» TASK DETAILS
Please output every line of the material as it stands, without the pictures.

» PROVIDED RECORDS
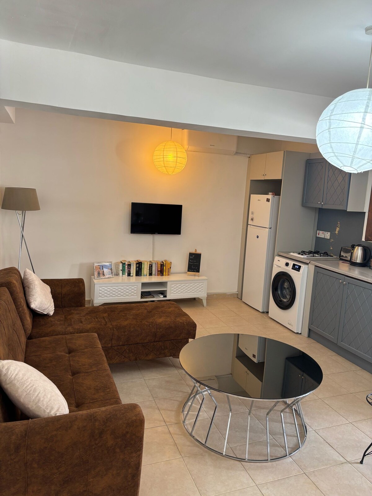 Welcome to your coastal escape in Alsancak, where sea breeze, mountain views, and Mediterranean charm meet. 🌊🏝️ This stylish one-bedroom apartment is perfect for two guests, featuring a cozy lounge 🛋️, fully equipped kitchen 🍳, and restful bedroom 🛏️. Nearby: 📍 1.5 km – Merit Hotels & Casino 🏖️ 3 km – Escape Beach 🌳 3.5 km – Alsancak Park Enjoy peaceful surroundings and access to a shared pool 🏊♂️. Relax, recharge, and embrace the beauty of Alsancak. 🌅
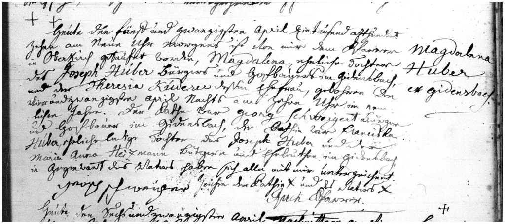 [2] Katholische Kirche (Oberkirch, Offenburg, Baden), Taufen [Baptisms], 1778–1840, p. 359, Magdalena Huber; FamilySearch, FSL 995,507.
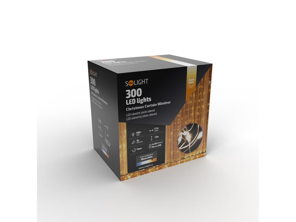 Solight LED vianočná záves okenná, strieborná, 300x mini LED, časovač, 8 funkcií, USB
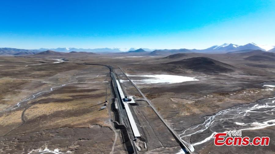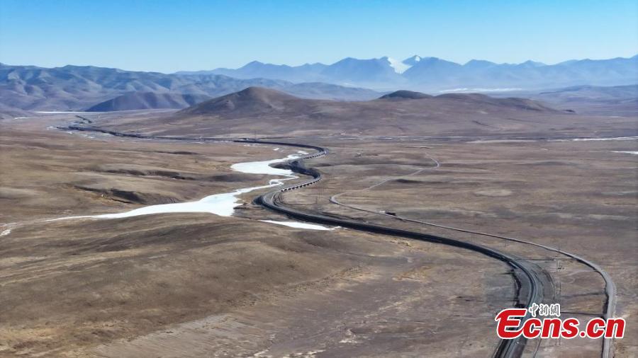 Aerial view of the Tanggula Railway Station on the Qinghai-Xizang railway in Xizang Autonomous Region, March 27, 2025. (China News Service/Ma Mingyan)
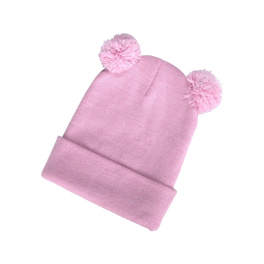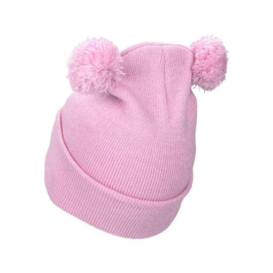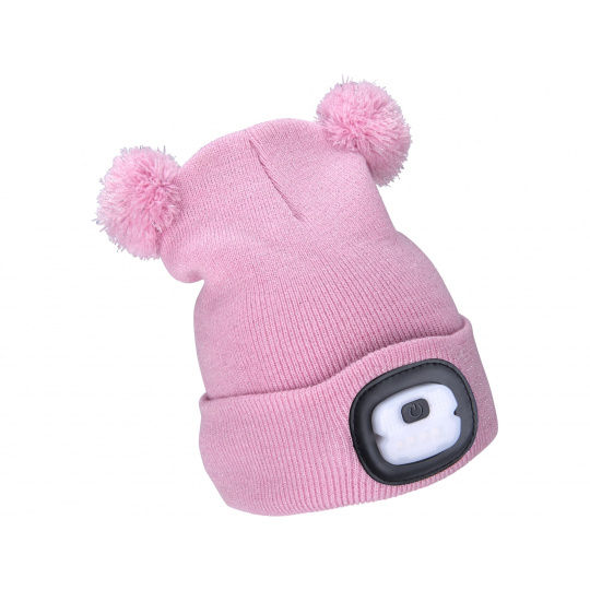 čepice s čelovkou 4x25lm, USB nabíjení, růžová se třpytkou a bambulemi, dětská, 70% acryl a 30% polyester
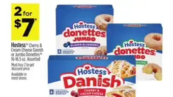 Hostess Cherry & Cream Cheese Danish or Jumbo Donettes Discount at Dollar General
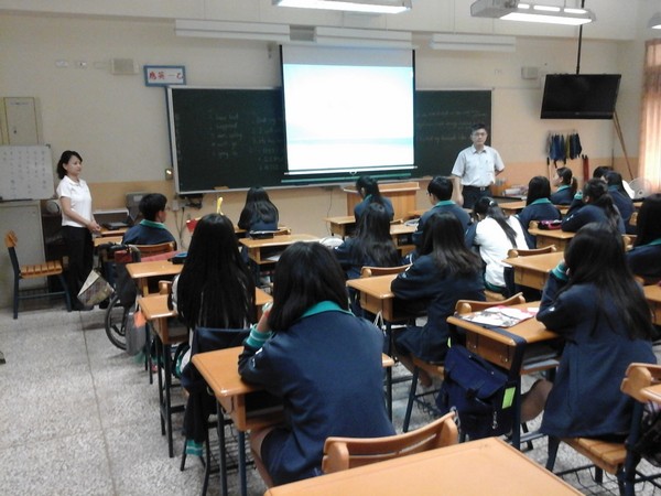 由何淑萍老師前往應英一乙班級腦麻宣導精闢演講全班學生都認真聽講 |
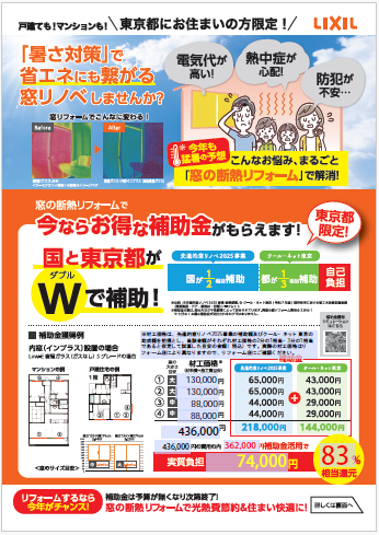 東京都にお住まいの方限定、クール・ネット東京と窓リノベ補助金をダブルでご案内いただけるチラシです。「電気代が高い!」「熱中症が心配!」「防犯が不安・・・」こんなお悩み、まるごと「窓の断熱リフォーム」で解消!!お得なこの機会に、ぜひ窓+水まわりの断熱リフォームをご提案ください。 ※材工価格を編集してご利用ください。

» SOLUTION
 Welcome to your coastal escape in Alsancak, where sea breeze, mountain views, and Mediterranean charm meet. 🌊🏝️ This stylish one-bedroom apartment is perfect for two guests, featuring a cozy lounge 🛋️, fully equipped kitchen 🍳, and restful bedroom 🛏️. Nearby: 📍 1.5 km – Merit Hotels & Casino 🏖️ 3 km – Escape Beach 🌳 3.5 km – Alsancak Park Enjoy peaceful surroundings and access to a shared pool 🏊♂️. Relax, recharge, and embrace the beauty of Alsancak. 🌅
 [2] Katholische Kirche (Oberkirch, Offenburg, Baden), Taufen [Baptisms], 1778–1840, p. 359, Magdalena Huber; FamilySearch, FSL 995,507.
 Solight LED vianočná záves okenná, strieborná, 300x mini LED, časovač, 8 funkcií, USB
 Aerial view of the Tanggula Railway Station on the Qinghai-Xizang railway in Xizang Autonomous Region, March 27, 2025. (China News Service/Ma Mingyan)
 čepice s čelovkou 4x25lm, USB nabíjení, růžová se třpytkou a bambulemi, dětská, 70% acryl a 30% polyester
 Hostess Cherry & Cream Cheese Danish or Jumbo Donettes Discount at Dollar General
 由何淑萍老師前往應英一乙班級腦麻宣導精闢演講全班學生都認真聽講 |
 東京都にお住まいの方限定、クール・ネット東京と窓リノベ補助金をダブルでご案内いただけるチラシです。「電気代が高い!」「熱中症が心配!」「防犯が不安・・・」こんなお悩み、まるごと「窓の断熱リフォーム」で解消!!お得なこの機会に、ぜひ窓+水まわりの断熱リフォームをご提案ください。 ※材工価格を編集してご利用ください。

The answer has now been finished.